Your goal —
Return exactly the span of lines in the following data that opens with the line containing "24日上午9:30,研讨会正" and closes with the line containing "Tristan Bernard, de". Include nothing else.

Records provided —
[Start of Attachment]
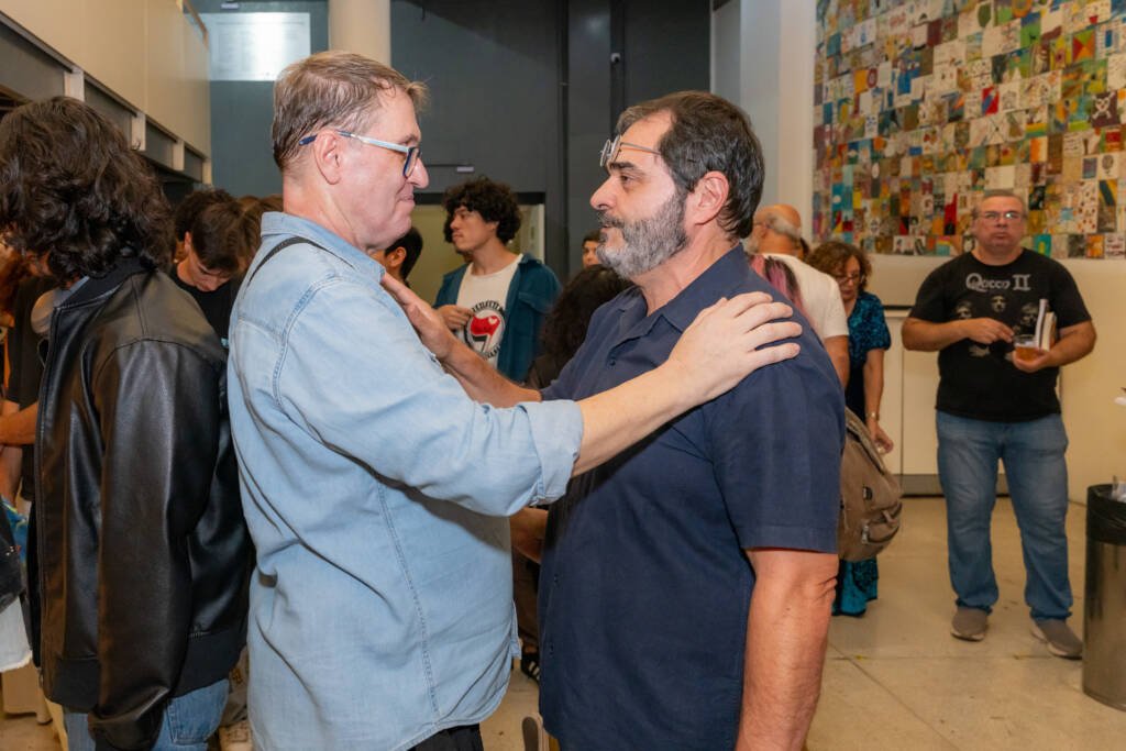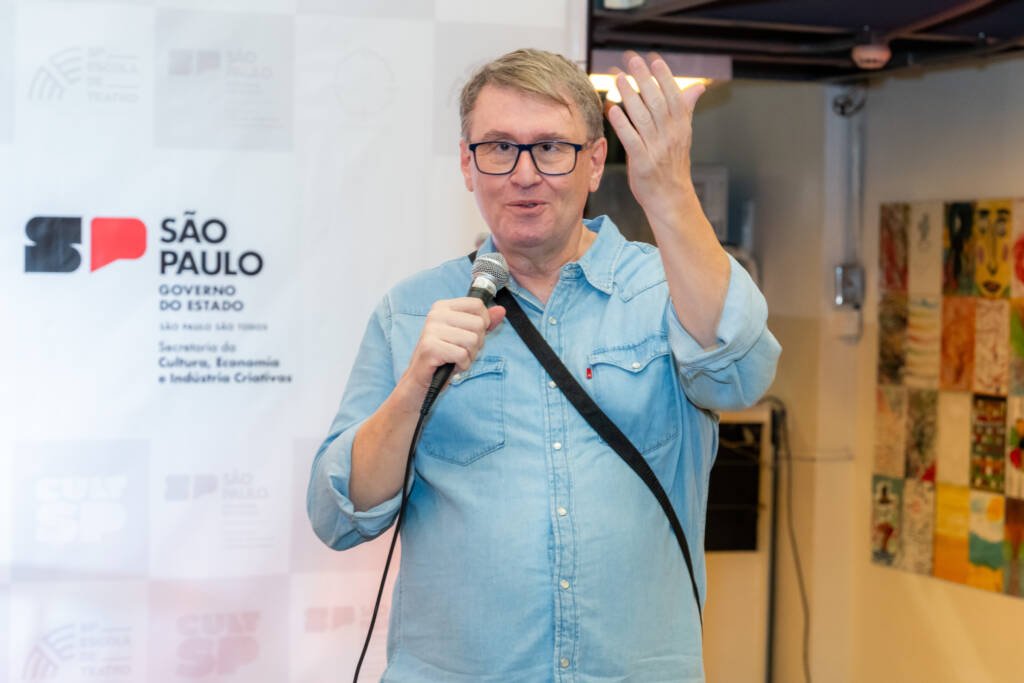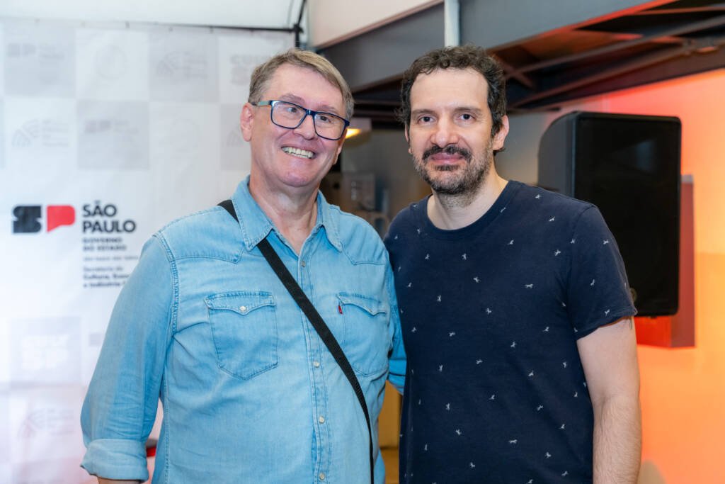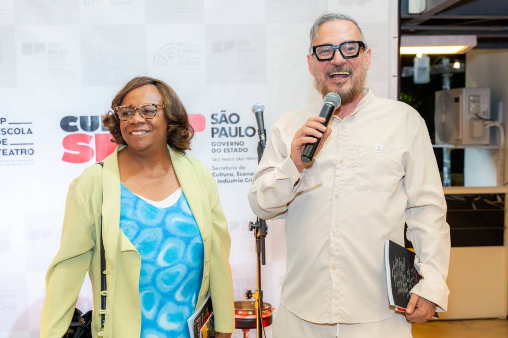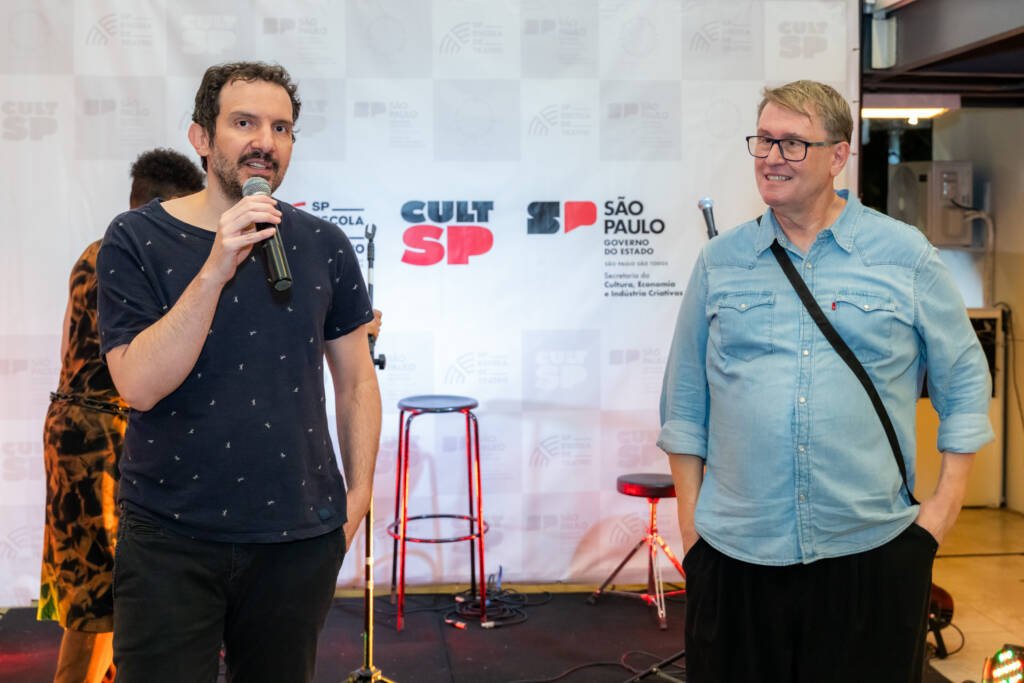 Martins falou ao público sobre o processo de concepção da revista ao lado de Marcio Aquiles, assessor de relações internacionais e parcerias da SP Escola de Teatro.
[End of Attachment]
[Start of Attachment]
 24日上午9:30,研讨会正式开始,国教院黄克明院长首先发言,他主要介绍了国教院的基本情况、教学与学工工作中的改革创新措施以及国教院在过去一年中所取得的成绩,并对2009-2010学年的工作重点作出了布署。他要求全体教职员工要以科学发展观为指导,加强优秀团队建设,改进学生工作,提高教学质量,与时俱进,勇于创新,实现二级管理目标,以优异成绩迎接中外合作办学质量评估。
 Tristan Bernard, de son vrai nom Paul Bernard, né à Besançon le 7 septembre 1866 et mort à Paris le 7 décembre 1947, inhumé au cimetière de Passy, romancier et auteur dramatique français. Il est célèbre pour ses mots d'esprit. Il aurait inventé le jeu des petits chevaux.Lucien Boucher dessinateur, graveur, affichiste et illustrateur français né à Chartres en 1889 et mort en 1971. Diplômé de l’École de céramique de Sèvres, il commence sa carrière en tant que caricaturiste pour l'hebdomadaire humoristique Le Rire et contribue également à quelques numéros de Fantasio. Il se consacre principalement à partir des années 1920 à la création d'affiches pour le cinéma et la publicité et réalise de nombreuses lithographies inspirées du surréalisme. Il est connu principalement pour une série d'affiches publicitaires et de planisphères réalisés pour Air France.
[End of Attachment]
[Start of Attachment]
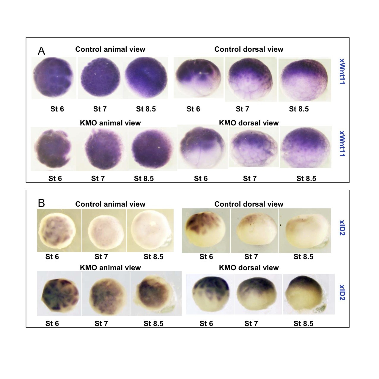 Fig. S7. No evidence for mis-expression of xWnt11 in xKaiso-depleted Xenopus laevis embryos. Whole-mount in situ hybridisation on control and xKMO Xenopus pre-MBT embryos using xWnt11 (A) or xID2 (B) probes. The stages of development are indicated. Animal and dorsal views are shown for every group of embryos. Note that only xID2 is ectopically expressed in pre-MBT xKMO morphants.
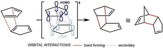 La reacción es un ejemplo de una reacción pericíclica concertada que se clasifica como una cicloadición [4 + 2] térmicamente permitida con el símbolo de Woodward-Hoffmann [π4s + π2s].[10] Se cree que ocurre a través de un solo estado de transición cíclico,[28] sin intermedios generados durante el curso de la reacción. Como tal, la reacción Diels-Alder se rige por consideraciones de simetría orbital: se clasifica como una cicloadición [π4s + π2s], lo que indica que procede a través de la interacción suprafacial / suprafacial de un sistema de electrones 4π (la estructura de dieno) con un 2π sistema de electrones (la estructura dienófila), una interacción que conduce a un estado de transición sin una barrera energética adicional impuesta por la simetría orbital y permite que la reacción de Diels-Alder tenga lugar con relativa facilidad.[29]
[End of Attachment]
Result of the task —
 24日上午9:30,研讨会正式开始,国教院黄克明院长首先发言,他主要介绍了国教院的基本情况、教学与学工工作中的改革创新措施以及国教院在过去一年中所取得的成绩,并对2009-2010学年的工作重点作出了布署。他要求全体教职员工要以科学发展观为指导,加强优秀团队建设,改进学生工作,提高教学质量,与时俱进,勇于创新,实现二级管理目标,以优异成绩迎接中外合作办学质量评估。
 Tristan Bernard, de son vrai nom Paul Bernard, né à Besançon le 7 septembre 1866 et mort à Paris le 7 décembre 1947, inhumé au cimetière de Passy, romancier et auteur dramatique français. Il est célèbre pour ses mots d'esprit. Il aurait inventé le jeu des petits chevaux.Lucien Boucher dessinateur, graveur, affichiste et illustrateur français né à Chartres en 1889 et mort en 1971. Diplômé de l’École de céramique de Sèvres, il commence sa carrière en tant que caricaturiste pour l'hebdomadaire humoristique Le Rire et contribue également à quelques numéros de Fantasio. Il se consacre principalement à partir des années 1920 à la création d'affiches pour le cinéma et la publicité et réalise de nombreuses lithographies inspirées du surréalisme. Il est connu principalement pour une série d'affiches publicitaires et de planisphères réalisés pour Air France.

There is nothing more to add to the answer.